Когда наконец ближе к ужину Алмаз водрузил Милли на голову самодельную корону, не возникло ни жемчуга, ни новых талантов. Она просто почувствовала бурлящую силу той, кому десять лет и у кого есть старший брат. С тех пор она гордо носит ее на каникулах, и Алмаз тогда любит называть ее Верховной королевой зануд. Но Милли совсем не хочется рассказывать все это палачу. Уж точно не после выстрелов и мочи. Не надо было ей вообще с ним заговаривать. Только в неприятности их втянет. Надо было просто взять брата за руку и увести побыстрее. Сван Купер продолжает смотреть на нее с тем интересом, от которого все делается возможным и огромным.
– Если это секрет, можешь просто сказать, как тебя зовут, – предложил он.
Молчание.
– При такой силе у тебя должно быть имя.
– Милли, – произносит она наконец недоверчиво.

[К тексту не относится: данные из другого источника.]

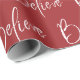 Believe Typography Red Modern Holiday Wrapping Paper
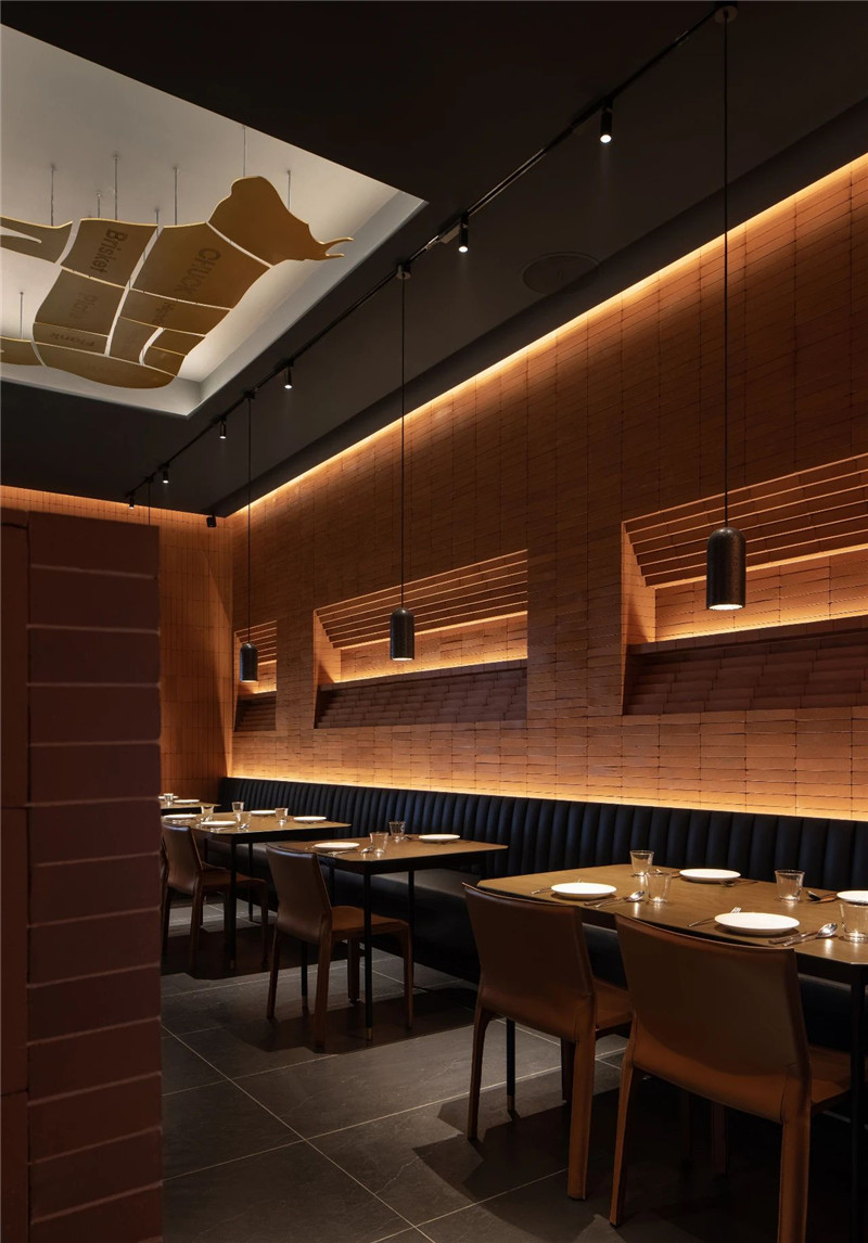 墙面上红砖的内凹处理,既避免了单一材质满铺的单调与呆板,增加了空间的层次,又可以将环境光暗藏其中,营造温馨的就餐氛围。

– Милли. «Королева Милли», как песня?
Она пожимает плечами. Сван Купер не объясняет. Несмотря на все старания, он не в силах заглушить любимый мамин мотив. Язык уже обвивают ее насвистывания. Ее каменистый голос напевает где-то здесь, у самой кромки памяти. Он снова видит ее волосы, похожие в свете молний на водоросли, один наушник ей, другой ему. CD-плеер между их смешливыми телами. «С тобой приходит дождь, со мною – дрожь», – поет она. Не сейчас! – приказывает Сван Купер. Ускользнуть – единственный выход. Он бросает последний взгляд на корону, криво улыбается и кивком велит Дугласу взять их вещи. Оба растворяются в поле, под косыми вечерними лучами.
Милли стоит не двигаясь, хотя готова поклясться: все-таки что-то движется. Что-то шевелится в закутках ее внутренностей. Переходный возраст, думает она с отвращением. В прошлом октябре, когда осень была еще зеленой, Алмаз попросил ее нарисовать, с чем он у нее ассоциируется, такое им дали в школе задание. «Только серьезно», – насупился он, когда увидел на бумаге осла. Милли вывела на том же листке прямой ствол без ветвей, с редкими короткими корнями. «Мертвое дерево», – проговорил он, пораженный безжизненным образом. «Нет! – возмутилась Милли. – Зимнее дерево». Алмаз не стал узнавать, в чем разница, и поспешил показать ей свой автопортрет: набросок змеиного гнезда. На вопрос Милли почему, он ответил: «Сама увидишь, быть подростком – оно так. Путано и мерзко, особенно поначалу». Сегодня слова брата раскрывают весь свой смысл – когда держишься обеими руками за неутихающий живот. Органы в нем ворочаются и говорят друг с другом.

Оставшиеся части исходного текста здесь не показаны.